Saskia Sassen: Television programmes are national, but they can also be local, dealing a lot with single cities. In the United States every city has its own local TV network, which will deal with the situation of the community. What is peculiar to television is its being a mass-phenomenon, creating standards, and neutralizing: it is a one-way technology, which assumes a type of consumer. The Internet, on the other hand, allows interactivity, response, interaction, and here lies the essential difference.
The Internet itself can be local, as much as television: if we consider for instance Amsterdam’s Digital City, we can see that its purpose and effect is a tighter connexion between the various city districts, and this is not all. The gay community in Amsterdam has discovered itself through the Digital City, and many members of such particular groups can do the same through online communities.

NF: So there are more complicated relations and comparisons.

SS: I think that simplifications, when talking about new technologies, can create problems. Television is much more alienating: a community is created through standardization and homogenization, through the consolidation of mass-trade. But the Internet can have these same effects, and many people use it as a one-way tool, just to look at websites, with no sort of interactivity, if not superficially. On a technological level, this interactivity could be performed, but actually we are still consumers. I see a lot of young people who use the Internet just for random surfing and abuse. But the Net can also create a kind of community, through an interactivity that does not belong to television. They are two types of technology which are rooted in society, but it is what they are specifically rooted in that makes the difference.

NF: This then means that the context of their use is crucial?

SS: Exactly: I wrote extensively about how the self-same features of the Internet which grant this interactivity can also create power hierarchies, especially in the case of financial trade. But women, for example, use the Internet in quite a different way. A whole world is being created, between the individual and technology, in terms of the specific cultures and sub-cultures the user comes from.

NF: Can the concept of network be a term of description for the social relationships that are created by the Internet?

SS: In sociology, the network as a category has been used for a long time. Only recently it has been linked to the new digital technologies, that are in fact called network technologies, but the term had existed before. It does not differ very much from the concept of community, but it is not the same thing. What we have nowadays is an idea of a social network somehow shaped by technology, by the computer webs. But it has a different meaning from the traditional idea of network.

NF: In which contexts was the term network used before?

SS: In the history of migrations, for instance: here, when talking about network, what is meant is not the strong, dominating image that we have today, but the network of immigrants, the intensity of communications between the departure community and the arrival one, the formation of families; therefore, an ancient social pattern.

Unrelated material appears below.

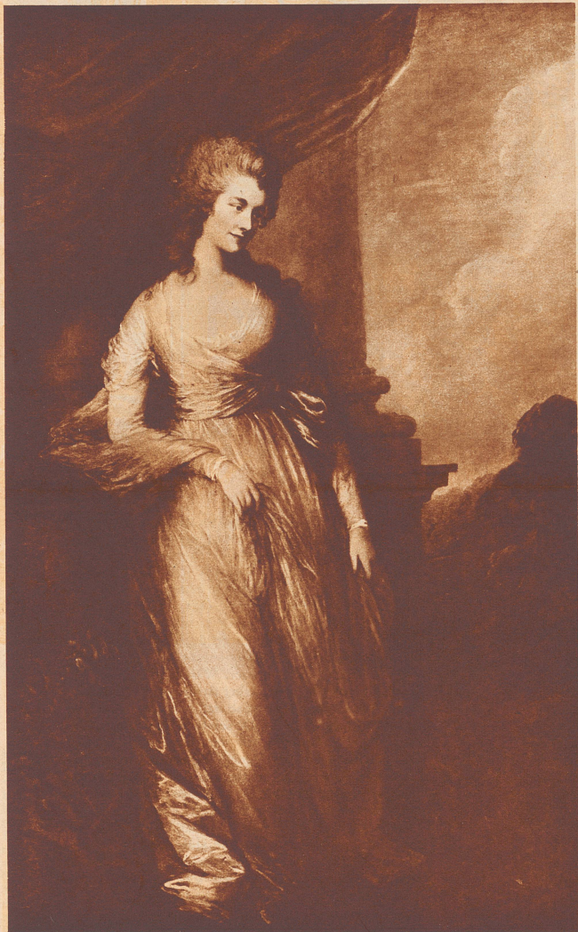
Die Entführung der Herzogin von Devonshire

Vor kurzer Zeit wurde in der Kathedrale von St. Bavo in Gent ein Flügel des berühmten Altarwerkes von Jan van Eyck gestohlen. Die geraubten zwei Bilder gehören zu den wertvollsten Kunstwerken der Welt. Der Diebstahl ist einer jener sensationellen, ans Unwahrscheinliche grenzenden Vorfälle, die jeweils nicht nur Kunsthandel, Museen und Künstler, sondern die halbe Welt erregen. Es ist schwer, sich eine Vorstellung von den Motiven der Diebe zu machen, da ja Kunstwerke von solcher Bedeutung und so hohem Wert in der ganzen Welt unverkäuflich sind. Dennoch ist es im Laufe der Zeit wiederholt vorgekommen, daß berühmte Gemälde geraubt – aber später, oft nach jahrelangen Irrfahrten, wieder aufgefunden wurden. Reproduktionen von F. Bruckmann A.-G., München

NF: How do immigrants use and “create” a network?

SS: Regarding immigration, the concept has been used in three ways. There are interactions and “webs”, within the area where immigrants are, in an arrival city like New York or any other, or between the departure community and the arrival one: this is the first meaning. The second one appeared towards the end of the 1980s, and it defines a very specific dynamics: the continuity of the migration flow, whereby the arrival community keeps on absorbing several relatives and friends from the departure community into their houses. There is a third meaning, linked to the new technologies: by means of these new technologies the network of immigrants of a particular nationality can reach out beyond the country where it lies, thus creating a dichotomy between the community of origin and that of residence.

NF: Can a network, or various networks of immigrants, have a global scale?

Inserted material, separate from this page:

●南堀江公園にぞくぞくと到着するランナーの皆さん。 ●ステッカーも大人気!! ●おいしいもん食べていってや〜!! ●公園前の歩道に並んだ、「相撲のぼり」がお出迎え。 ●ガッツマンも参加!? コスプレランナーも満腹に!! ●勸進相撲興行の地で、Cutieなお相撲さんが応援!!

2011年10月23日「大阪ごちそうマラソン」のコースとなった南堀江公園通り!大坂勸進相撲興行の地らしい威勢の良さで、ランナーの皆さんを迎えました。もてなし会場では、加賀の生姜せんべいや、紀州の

SS: It is the “one-to-one” communication which we habitually refer to nowadays, with regard to migration networks: a sort of diaspora on a global level where, once you start to use the Internet, the frequency of communications can even promote the launching of projects through the Web. Then, the migration network can really establish itself as global; thus the Greek are not only in Boston, and do not connect only with the Greek in their own country, but also with those in Buenos Aires, or in Italy. Therefore, we shift from a migration network merely linking the country of departure to that of arrival, to a network building up on a global scale. In this case, the new technologies create a specific difference, that I tried to define in my work.

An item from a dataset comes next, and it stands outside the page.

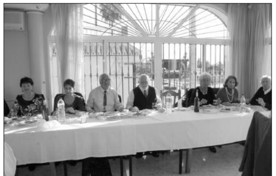
Mesa presidencial de la comida celebrada con motivo de las fiestas navideñas.

Venta El Túnel de nuestra capital. Numerosos socios disfrutaron de este almuerzo en el que se desearon unas felices fiestas.

These new technologies render the organization on a global level accessible even to poor people, they allow the formation of global non-cosmopolite subjects. We tend to think of global politics as a form of awareness made possible by the Internet, connecting people all over the world. It is a form of cosmopolitism, but there is another form of politics enabled by the new technologies, a non-cosmopolite form of global conscience, the sense of belonging to a planetary commitment: the immigrants can well represent this non-cosmopolitism on a global level.

NF: Just a moment. Can you explain what you mean when you talk about non-cosmopolite forms of global conscience?

SS: The “no-globals”, the environmentalists, they all carry out a global work but are not cosmopolite. Most of what is done in the field of human rights now makes up a network, a global commitment, but activists do not feel cosmopolite for all that. And the same is with the poor and the immigrants: they are all still involved in extremely localized fights. I think this concept is positive and important. Also the new professionals of the financial world are globalised but are not necessarily cosmopolite. The category of cosmopolite is a very elitist, a very special one.

NF: Was not this concept already used by Kant?

SS: Yes, it comes from Kant and from his longing for a universal citizen and culture. Globalization can allow the taking part to a cosmopolite culture, but up to a point this is a privilege of the elite. I could mention many other networks of people operating on a global level, establishing an intense communication with each other, somehow constituting a conscience, a political commitment, a global social movement, for the environment, for specific issues of any kind, for human rights. They are not cosmopolites in the sense we have come to give to the term, derived from Kant’s concept of everlasting peace. Kant said that we would be able to have peace, not in relation to our own interests, and to circumscribed, specific issues, but rather if we could somehow transcend all this and become more universal. It seems to me so beautiful. But most people are radically and deeply busy with their own local differences, divisions and fights, because they have to get money out of it. If you are rich, educated and can travel, of course you have this option.

NF: But then it is so fashionable to talk about “new cosmopolitism”.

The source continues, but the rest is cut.